Alphonse and Gaston meet the Ring of Fire – by (Troy Media – March 30, 2014)

Frank Dabbs is a veteran business and political journalist, author of three biographies and a contributor, researcher or editor of half a dozen books. Frank worked in print, radio and television in Alberta for 40 years. Since 2006, he has been a print and television freelancer in Ontario. 

None of the players involved in the development of Ontario’s economic salvation is willing to be the first to commit

ANNAN, ON, Mar 30, 2014/ Troy Media/ – Alphonse and Gaston were two newspaper cartoon characters created in the 1920s by Frederick Opper, and the “glacial” progress of Ontario’s Ring of Fire harks back to them.

Alphonse and Gaston were two waiters who never got anything done because they were too polite. “After you Alphonse,” Gaston said. “No, you first, my dear Gaston,” replied Alphonse.

It’s very reminiscent of what is happening with Ontario’s Ring of Fire, a massive planned chromite mining and smeltering development project in the mineral-rich James Bay Lowlands of Northern Ontario. No one seems willing to be the first to launch the $60 billion mineral discovery in the area.

It’s not that the Ring of Fire lacks champions for its oil sands-scale opportunity. But the enthusiasm for development of a chromite deposit that would make Canada a steel alloy superpower is being swallowed up in processes that have no apparent time line.

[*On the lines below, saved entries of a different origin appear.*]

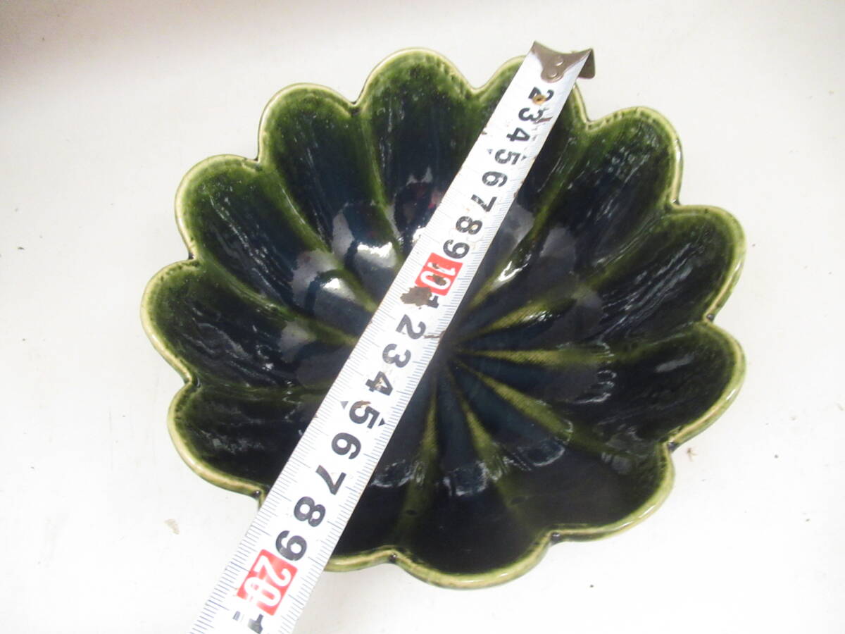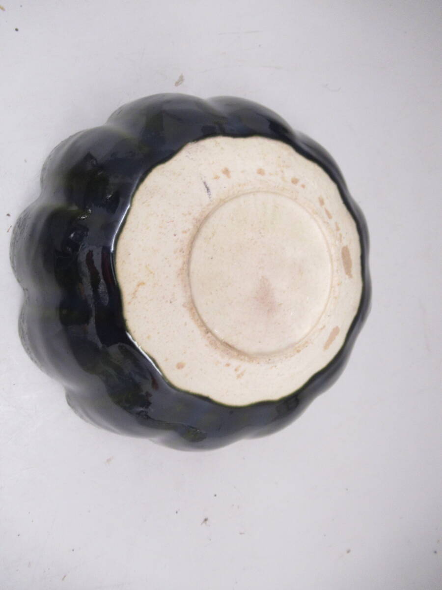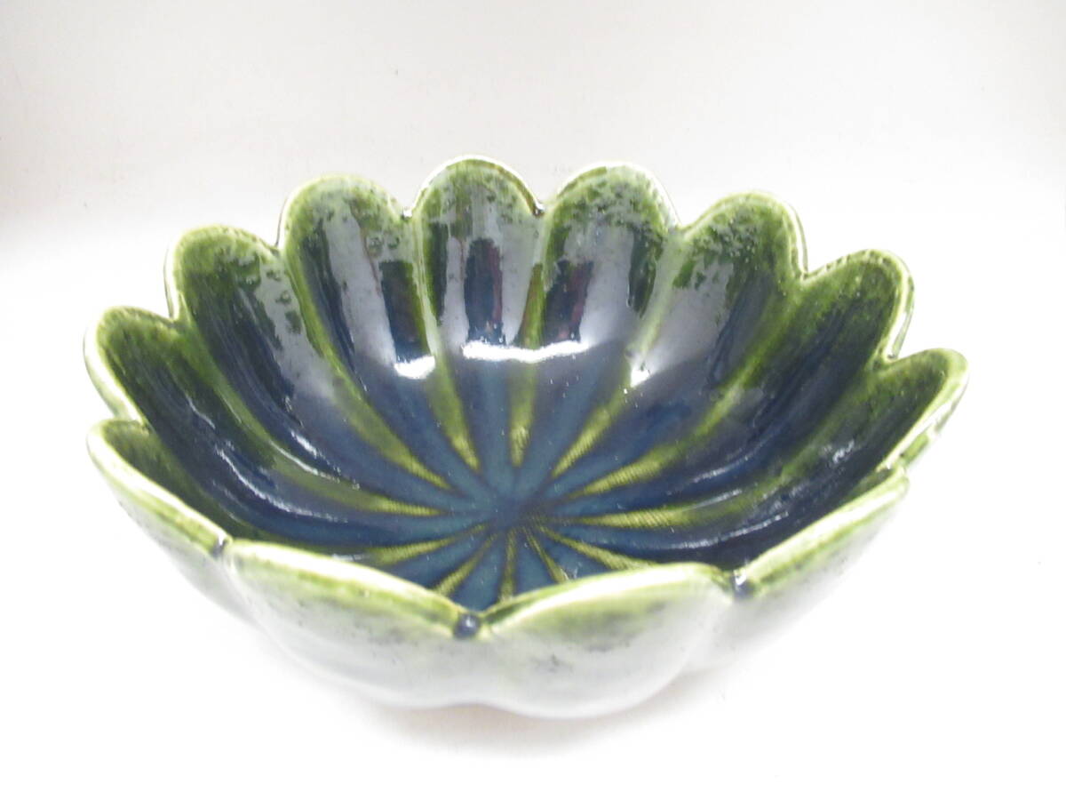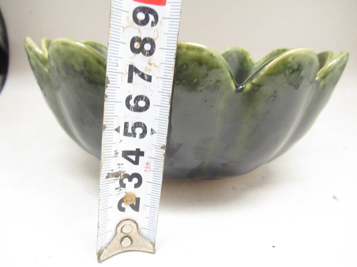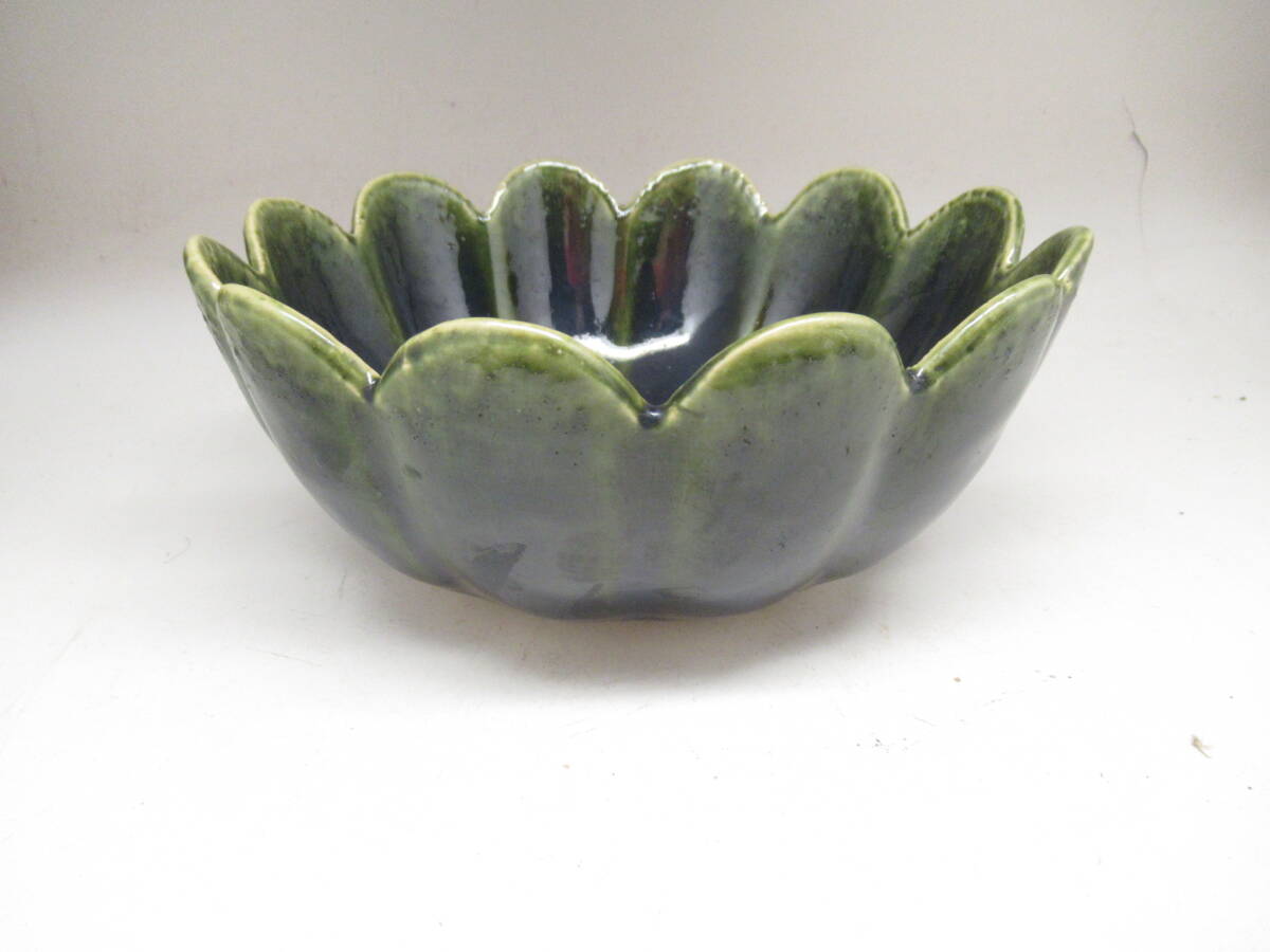 不老園 造 織部 緑釉輪花菓子器鉢 箱無し 中古茶道具 茶器 菓子器 深鉢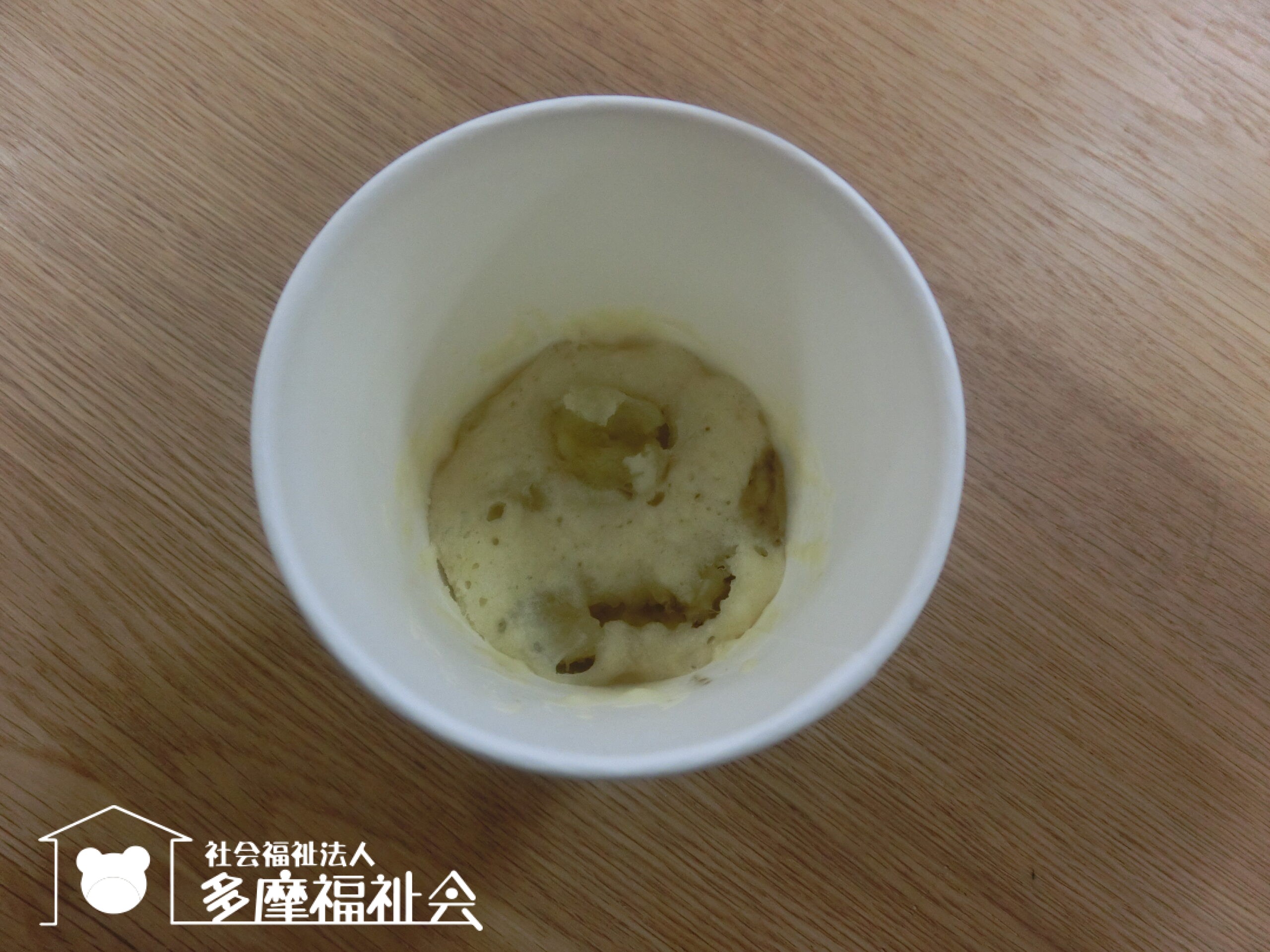 ホットケーキミックス大さじ2にお水大さじ2を紙コップや瀬戸物のコップに入れてまぜまぜ!バナナを1センチ角に切って入れまぜまぜ!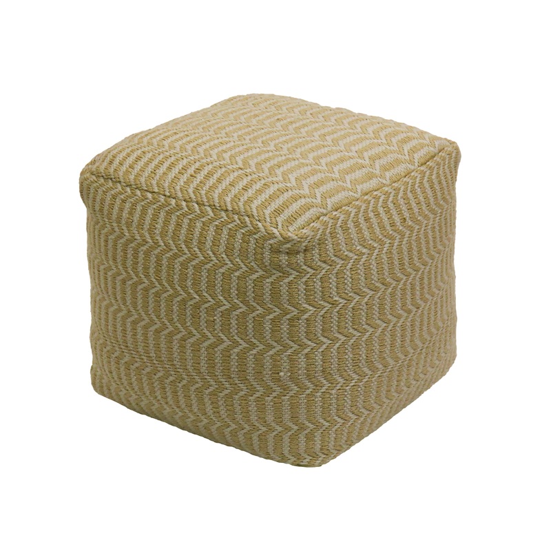 Convenient, comfortable, and stylish, this pouf ottoman is a multipurpose furniture piece offering uses as a portable seat, footrest, or tabletop. Soft yet solid, it is constructed with a polystyrene bean fill and features a strong hand-woven sustainable polyester cover designed to endure outdoor environments. Dress up an interior or exterior space with this versatile pouf featuring a repeating pattern in sand color, an accent piece that offers both form and function.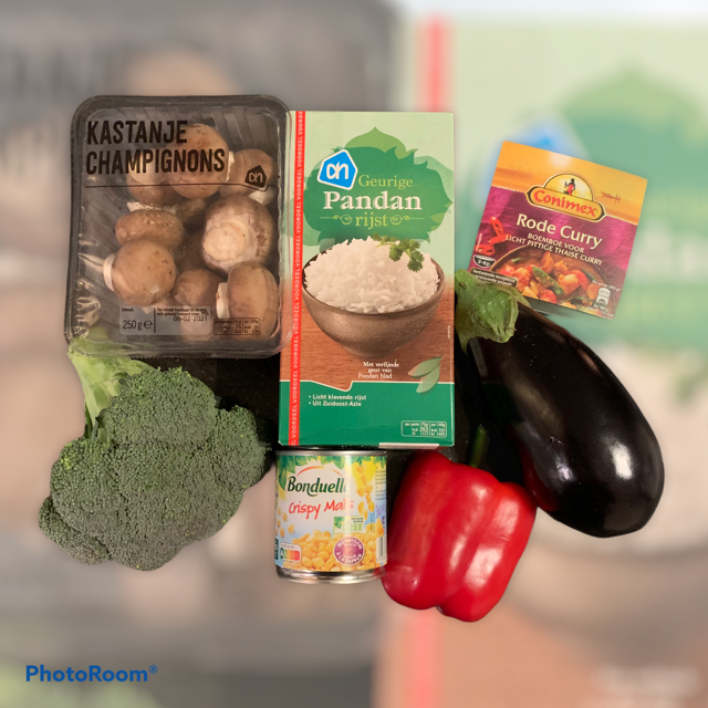 Cut the eggplant into cubes. Cut the bell pepper into small strips and halve the mushrooms. Cut the broccoli into florets and cook the broccoli for 5 minutes in a base of water with salt until al dente. Drain and set aside. Cook the rice according to the instructions on the package. Heat the oil in a large pan and fry the curry paste for 2 minutes. Add the mushrooms, corn, bell pepper and eggplant to the curry paste in the pan. Stew the vegetable curry for 15 minutes with the lid on the pan and over low heat. Now add the broccoli and fry for another 3 minutes on high heat. Season the vegetable curry with salt and pepper if necessary. Serve with the rice.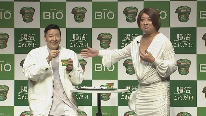 2人と同じように、腸活のやり方に迷う「腸活迷子」が、推定で2000万人いると説明されると、松尾さんは、“腸活迷子どんだけー!”と絶叫。さらに、新製品の名前が「腸活 これだけ」と発表されると“腸活これだけーーー!”と、全力で叫んで会場を笑わせました。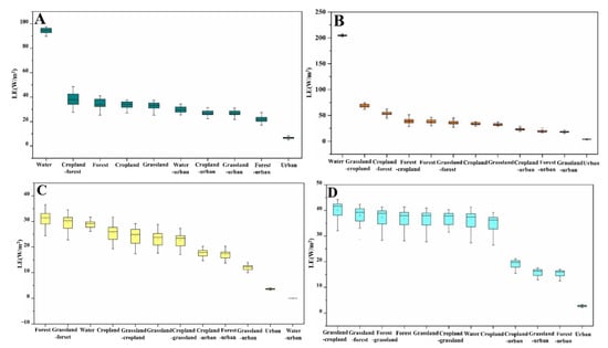 Statistical characteristic values of longwave radiation based on different land types from 2000 to 2015 ((A) Jinan City, (B) Zhengzhou City, (C) Lanzhou City, (D) Xining City).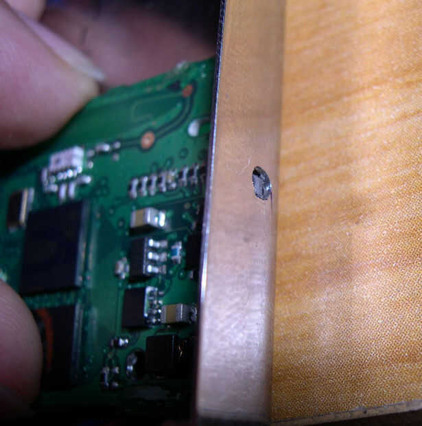 Vuelva a montar a la toma de auriculares y vuelva a instalar en la caja de metal. Enchufe el cable de cinta para auriculares en el.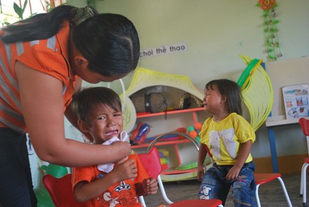 Giáo viên Trường mầm non Hoa Phượng, xã Trà Đốc dỗ các cháu sau một trận động đất.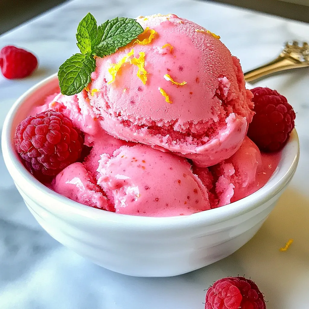 A refreshing sorbet made with fresh raspberries and lemon juice, perfect for hot days.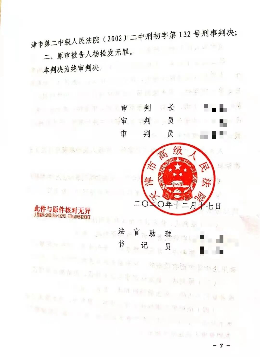上述裁判发生法律效力后,杨松发向天津市高级人民法院提出申诉,天津市高级人民法院于2011年10月14日以(2011)津高审刑监字第19号通知,驳回申诉。杨松发以原判决、裁定认定其故意杀人的证据不足,其在侦查期间受到刑讯逼供等为由,向本院提出申诉。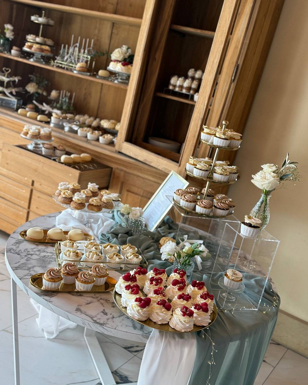 Nasz pyszny bufet traktujemy jak dekoracje sali. Zapewniamy pełną oprawę wizualną słodkiego stoiska - Patery, standy, staranny dobór naczyń. Wszystko by wpasować się w motyw waszego przyjęcia.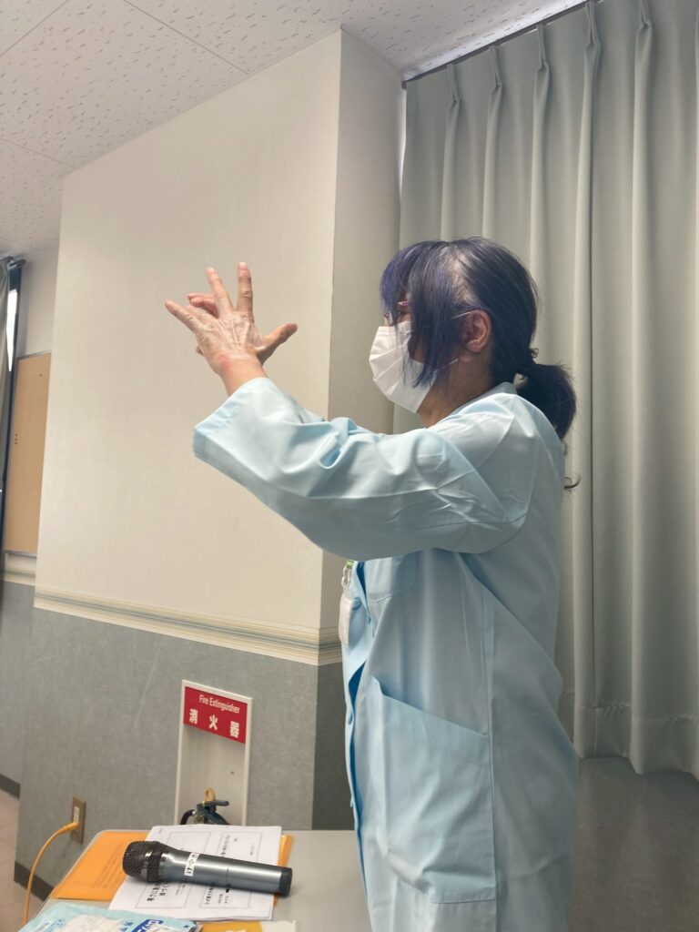 手が滑らかになったところで、次は指の体操です。「いちにのさ~んのしのにのご~」の歌に合わせて指の体操をしました。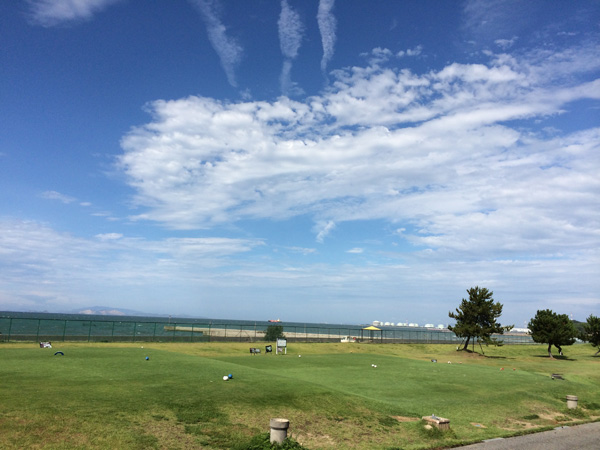 でもフェアウェーの横は海。台風の風が吹き付けており熱波は吹っ飛び汗をかかないので暑く感じないラウンドでした。穏やかな瀬戸内の海ですから、さざ波が立っているのが珍しいくらい。11時には店に戻りますから仕事も出来きるし今後、ハマりそうですか。

The 5,210 square km Ring also has gold, vanadium, platinum, copper, nickel, and zinc deposits with commercial potential. It was prospectors seeking diamonds who found the chromite and the other minerals.

Unfortunately, the isolated mining camp lacks infrastructure: roads, power, rail and housing. It is also 600 km from a railhead and much further from industrial-scale power generation. It needs public as well as private investment to mine it and make Ontario a global leader in the new technology that will be developed for it.

The Ring of Fire has its advocates who can readily see its economic potential and significance to beleaguered Ontario, whose manufacturing sector is eroding away.

However, no collaboration exists to bring the players out of their silos. Five mining companies – Canadian juniors Noront Resources, KWG Resources, Bold Ventures and Macdonald Mines, and American-based global coal and iron miner Cliff Natural Resources – are prepared to invest in more exploration and mines, refineries and a rail link. They are among 100 companies with mineral interests staked across the area.

While the Ontario government has a Ring of Fire secretariat that is morphing into a development corporation, it is the federal government that has responsibility for the initiative. A 15-federal-department steering committee is co-ordinating an aboriginal, environmental, economic and investment to-do list.

In February, the Ontario Chamber of Commerce released a study defining the significance of the initiative to the province: $9.4 billion in GDP, $2 billion in tax revenues, 5,500 full time jobs and $6.2 billion for the mining companies – and that’s only in the first 10 years. Within three decades, that will increase to $25 billion in economic activity in Ontario, including $6.7 billion in tax revenues, according to the report.

However, the report also castigated both levels of governments for the “glacial” pace of developing the Ring of Fire.

While former Ontario premier Bob Rae, representing the Mawata Tribal Council, and retired Supreme Court Justice Frank Iacobbucci, representing the province, are negotiating aboriginal interests, the Ring of Fire also has its champions, including Chamber of Commerce President Allan O’Dette, KWG chief executive Frank Smeenk, Ontario Minister of Northern Development and Mines Michael Gravelle and federal Minister of Natural Resources Greg Rickford.

Unfortunately, on one is stepping up to the plate to ensure the project proceeds.

In fact, the Ontario Chamber of Commerce report lauding the benefits of developing the Ring of Fire landed with a dull thud and Cliff Resources has pulled back for the time being under shareholder pressure.

The federal budget also neglected to mention the Ring of Fire is its.

And none of the leaders of Ontario’s three principal political parties has made it a campaign commitment for the – upcoming – Ontario election.

As Alphonse and Gaston said to each other, “you first.”

It’s not like something similar hasn’t happened before, however.

While the commercial potential of the Athabasca oil sands was known in 1875 and scientists had solved the problem of extracting oil from the sands, development was stopped by the Depression and the Second World War. It took a further 15 years from commitment to development in 1950 by all players until the first oil sands plant started operation in 1965.

Ninety years after commercial potential was recognized, the first barrel of oil was finally produced.

It would be needlessly tragic to repeat the experience in the Ring of Fire.